I take it one rock at a time. It’s tough, but there’s a certain thrill too. Eventually, I start to see people in the distance, so Khardung La can’t be far. A corner later, the entry point to the highest point on the route comes in sight. News of a Lambo headed up seems to have spread among the tourists there. The crowd has swelled up and from what I see, it looks like a welcome party. I make the last turn, get onto something that finally resembles a road and roll towards the yellow board that claims we are at 18,380 feet. We’ve done it! We’ve driven up to Khardung La in a Lamborghini, of all cars! In the process, we’ve also set a high-altitude world record for Lamborghini. But amidst the festivities, I realise I’m operating at half capacity. Opening the door requires serious effort and I find myself breathing heavily. We have to start moving down within 20 minutes, before the altitude and frigid cold (it’s 2deg Celsius) gets to us, but I just have to check the car one last time. Nothing’s hanging off, no fluids are leaking and there’s not a ding of my doing. Supercar? The Huracán’s been that in more ways than I can imagine.
Before heading out to what is the world’s highest café for that comforting cup of black tea, I celebrate our feat in the most apt manner. That is, by flipping the Anima switch to hardcore Corsa mode (the first time I do so on this trip), giving a bootful of throttle and revving the daylights out of the engine. I’m sure they hear us all the way down in Leh and probably even at the Siachen base camp a couple of hours further down the road.
The high-pitched wail of the V10 may have died down, but the high of having driven up to Khardung La in a Lamborghini is something I won’t forget. Ever. Nor will I forget the next day, where I got to drive it the way it’s meant to be driven. But that’s a story for the next issue!
The Grand Dragon Ladakh
The Grand Dragon Ladakh hotel is where we stayed in Leh. Done in the traditional Ladakhi style of architecture, it’s a beautifully turned out complex that has lots to offer. The rooms are welcoming, the staff warm and the food just delicious; you can sample everything from thukpa and Kashmiri wazwan to dosa and Chinese cuisine without leaving the comfort of the premises. It’s also close to all the landmarks of Leh, but should you wish to lounge back, there’s plenty to do at the hotel itself.

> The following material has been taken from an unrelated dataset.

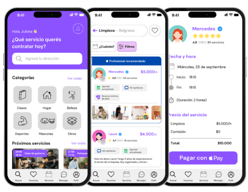 Sabés exactamente cuánto cuesta el servicio antes de contratar. ¿Lo mejor? Pagás con tarjeta directamente desde la app recién cuando el servicio se completa.

Taking in the sights of the glorious Stok Kangri mountains around over a cup of chai is what we’d recommend. And if you are lucky, maybe you’d even see an Indian Air Force Sukhoi SU-30 MKI flying overhead. Perfect.

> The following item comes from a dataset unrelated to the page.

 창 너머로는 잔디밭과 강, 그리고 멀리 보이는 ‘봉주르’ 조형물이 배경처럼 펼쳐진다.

If there’s one thing this crazy drive has established, it’s that the supercar of today isn’t fragile. We used the support flatbed truck far less than we had originally planned to. Modern-day supercars have the electronics, the trick suspensions and a degree of day-to-day usability that guarantees they won’t wince at the first sign of imperfect conditions, essentially in our country that is the global home of bad roads. I can only hope our crazy adventure inspires owners to use their supercars more frequently in and out of town. It would be rude not to.